++++ ENTRIES SHOWN ++++
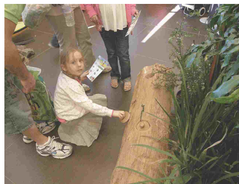
Looking for clues

and environmental stories. An invitation to join the Ranger Roo Club was part of the promotional hand-out. The Feature Creature Challenge was a great success with the children. Once they found the five animals (some hidden in a hollow log) and their corresponding information signs, an attending Ranger signed their qualifying certificate.
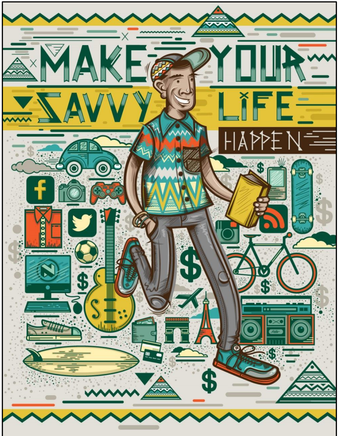
FIGURE C: Make Your Savvy (a wise, practical person) Life Happen poster by Wesley van Eeden (South Africa), 2020.

Identify and discuss TWO symbols used in FIGURE C above and explain their possible meanings in relation to the message of the poster.
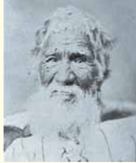
Eruera Maihi Patuone, one of the chiefs who signed the 1831 petition.
++++
▸ TASK ITEM: Say how many lines of the entries above hold the string "FIGURE", and say nothing besides the number.

▸ EXERCISE SOLUTION: 2